Datenschützer machen ernst

Das Unabhängige Landeszentrum für Datenschutz (ULD) hat in seiner heutigen Presseerklärung „Dialog mit Facebook hindert nicht Durchsetzung des Datenschutzes
in Bezug auf seine Ankündigung zum Thema Facebook/Datenschutz Facebook-Reichweitenanalyse abschalten vom 19.08.2011 klar gemacht, dass es von nun gegen Webseitenbetreiber, die Facebook Social Plugins eingebunden haben bzw. Fanpages bei Facebook unterhalten, vorgehen wird. Dazu würden ausgewählte öffentliche und private Anbieter angemahnt und Verwaltungsverfahren in die Wege geleitet.

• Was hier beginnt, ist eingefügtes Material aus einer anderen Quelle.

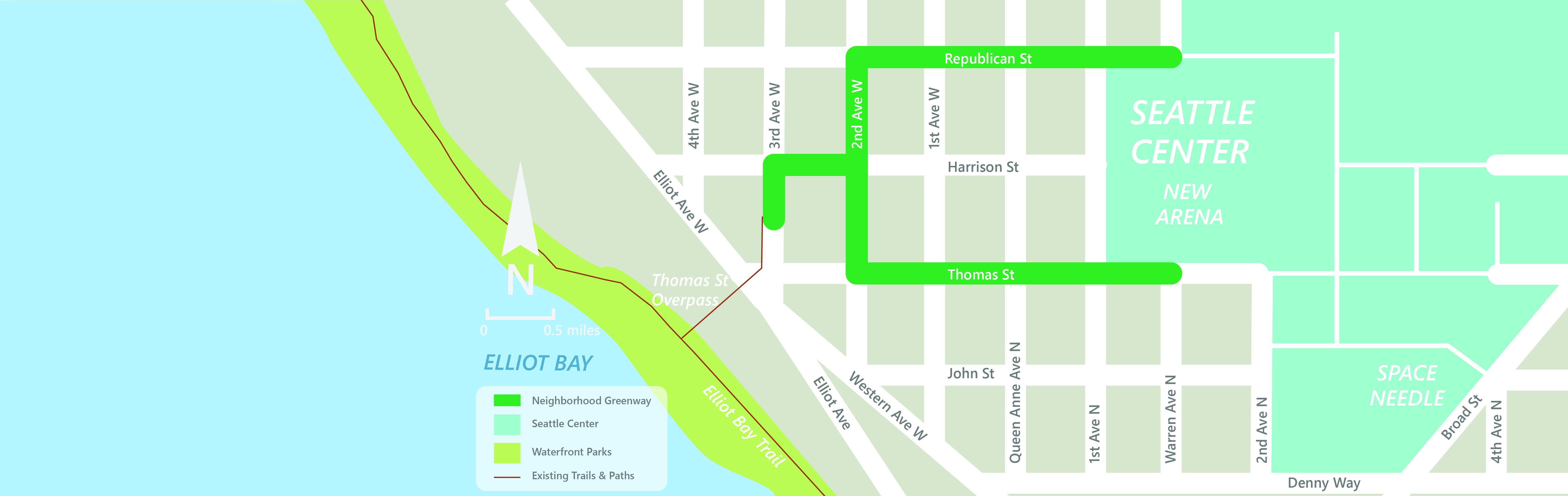 Seattle Center to Waterfront Greenway Location Map

Beim Dialog mit Facebook habe sich ergeben, das Facebook die Meinung vertrete, dass für Fanpages es selbst ausschließlich nach irischem Datenschutzrecht verantwortlich sei. Öffentliche und private Betreiber in Schleswig-Holstein hätten für die über ihre Fanpages erhobenen Nutzungsdaten keine Verantwortung. Hinsichtlich der „Gefällt mir“-Buttons hat Facebook angegeben – so die Pressemitteilung-, dass über Nicht-Mitglieder des sozialen Netzwerkes keine Profile unterstellt würden. Mitglieder hätten hierzu wirksame Einwilligungen erteilt.

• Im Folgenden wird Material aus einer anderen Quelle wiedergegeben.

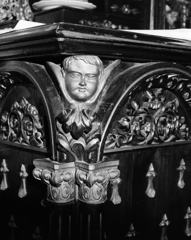 Têtes d'angelots aux angles de l'autel. Porte du tabernacle ornée d'un ciboire dans une gloire entouré d'angelots.

Das ULD dagegen vertritt die Meinung, dass deutsche Seitenbetreiber für die Verarbeitung von Nutzungsdaten durch Facebook eine rechtliche Mitverantwortung tragen würden. Solange Facebook nicht nachweisen kann, für welche Zwecke es welche Nutzungsdaten in den USA verarbeitet, könnten Seitenanbieter in Deutschland die Weitergabe dieser Daten nicht rechtlich verantworten. Die von Facebook behaupteten Einwilligungen von Facebook-Mitgliedern in die Erstellung von Profilen würden nicht dem deutschen und europäischen Recht genügen. Voraussetzung für einen datenschutzkonformen Einsatz von Facebook wäre aber eine klare Information der Nutzenden und deren Wahlmöglichkeit.

Da auch die Konferenz der deutschen Datenschutzbeauftragten in den letzten Tagen zu dem Ergebnis gekommen ist, das Facebook und andere soziale Netzwerke wie etwa Google den Datenschutz „unzureichend zu handhaben“, sollte sich jeder Webseitenbetreiber, zumindest in Schleswig-Holstein, gut überlegen, ob er nicht doch lieber und sei es auch nur vorübergehend bis zur Klärung des Sachverhaltes, seinen „Gefällt mir“ Button nicht besser entfernen oder zumindest deaktivieren sollte.